Synacthen is not a generic competitor to H.P. Acthar Gel. While the two drugs may share mechanistic effects through the ACTH component, H.P. Acthar Gel is much more. H.P. Acthar Gel is a biologically derived corticotropin drug – not a steroid – and amongst its many components includes a 1-39 peptide chain, meaning it includes more than simply ACTH. Synacthen is a synthetic ACTH 24-peptide chain. The two products are very different drugs.

Mallinckrodt did not pursue commercialization of Synacthen for IS, as the barriers to completion were, in our view, virtually impossible to overcome.

Synacthen has never been approved by the FDA for use in the U.S. for any indication and it is not an alternative treatment for IS in the U.S.
In all the time that Synacthen has been commercially available in select foreign countries, it has never been commercialized in the U.S. and no owner of Synacthen (including the owner prior to Questcor) ever undertook U.S. development of the drug in IS or any other indication.
Even in Canada, where Synacthen is approved and used in certain indications, it is not approved for use in IS patients. In fact, in Canada, the label contains a warning against use in infants or children under 3 years old due to the product containing benzyl alcohol.
Mallinckrodt is developing the drug (MNK-1411) in an indication where there is both high unmet medical need and, if successful, potential for greatest impact for patients – Duchenne Muscular Dystrophy.

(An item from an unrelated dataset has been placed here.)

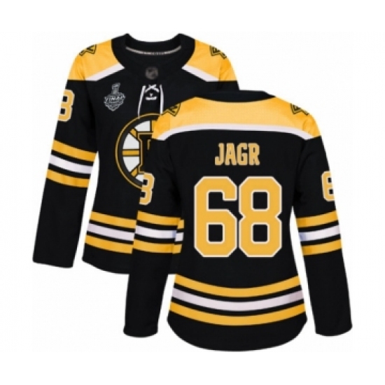 >Women's Boston Bruins #68 Jaromir Jagr Authentic Black Home 2019 Stanley Cup Final Bound Hockey Jersey
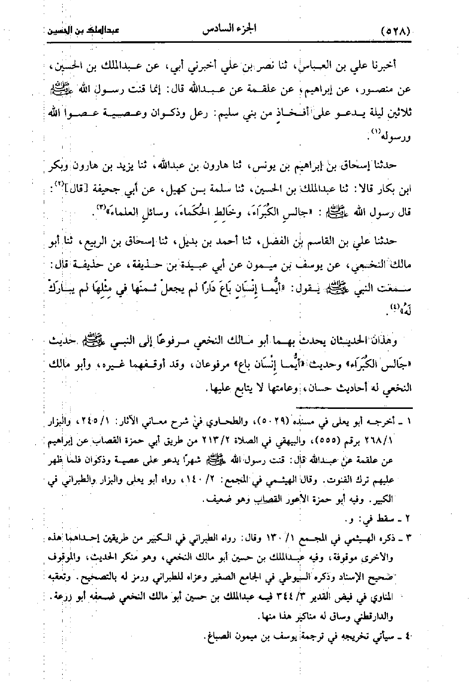 وهذان الحديثان يحدث بهما أَبُو مالك النخعي مرفوعا إِلَى النَّبِيِّ صَلَّى اللَّهُ عَلَيهِ وَسلَّمَ حديث جالس الكبراء وحديث أيما إنسان باع مرفوعان وقد أوقفهما غيره، وأَبُو مالك النخعي لَهُ أحاديث حسان وعامتها، لاَ يُتَابَعُ عَليها

Although not mentioned in the "60 Minutes" piece, Acthar is used in dealing with exacerbations in multiple sclerosis. From the National MS website:

H.P. Acthar Gel is a highly purified preparation of adrenocorticotropic hormone (ACTH) in a gel that is designed to provide extended release of the ACTH following injection. ACTH stimulates the adrenal cortex gland to secrete cortisol, corticosterone, and aldosterone.

ACTH was approved in 1978 by the U.S. Food and Drug Administration (FDA) as a short-term treatment for acute exacerbations of MS. According to its FDA labeling, corticosteroids (such as methylprednisolone or dexamethasone) are considered the treatment of choice for acute exacerbations.


In this MS example, there are available alternatives to Acthar.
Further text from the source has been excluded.